Studies indicated that females may be exposed to higher plasma levels than males, however, there was no indication of any difference in efficacy or in the frequency of adverse events reported. Elderly patients, patients with hepatic impairment and patients with cardiac disease exposed to fexofenadine by administration of terfenadine showed no statistically significant differences in pharmacokinetic parameters for fexofenadine compared to healthy individuals. Although peak plasma level and half-life were increased 68% and 15%, respectively, in elderly patients and 54% and 19%, respectively, in patients with renal disease, regardless of disease severity, these levels are within the range of plasma levels shown to be tolerated in short-term dose ranging trials.
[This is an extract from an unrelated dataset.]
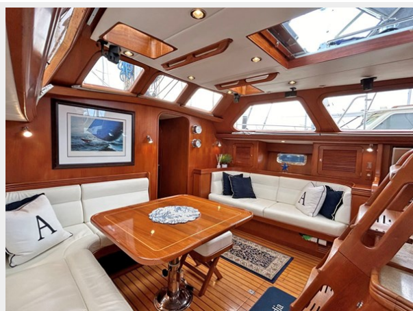
Main Salon, Fwd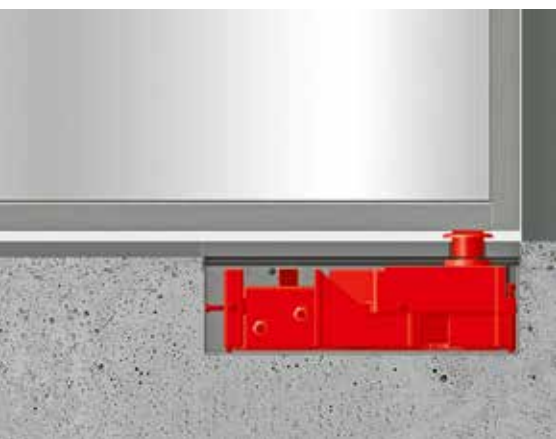
Accionamiento de puerta con montaje oculto bajo el suelo

The pharmacokinetics of fexofenadine in children and adults are similar, including tmax, clearance (corrected for body surface area), t1/2 and volume of distribution, because fexofenadine undergoes negligible metabolism, with 80% of the dose being eliminated unchanged in the faeces. In contrast, other H1-receptor antagonists, which are extensively metabolized in the hepatic cytochrome P450 system, usually have shorter half-life values in children than adults.
In children, studies indicate that 30 or 60 mg fexofenadine suppresses the histamine-induced wheal and flare within 1 to 2 hours, with both doses producing similar mean maximal suppression.
A dose of 5 mL of Telfast Oral Suspension Pediatric containing 30 mg of fexofenadine HCl is bioequivalent to a 30 mg dose of Telfast tablets. Following oral administration of a 30 mg dose of Telfast Oral Suspension to healthy adult subjects, the mean Cmax was 118.0 ng/mL and occurred at approximately 1.0 hour.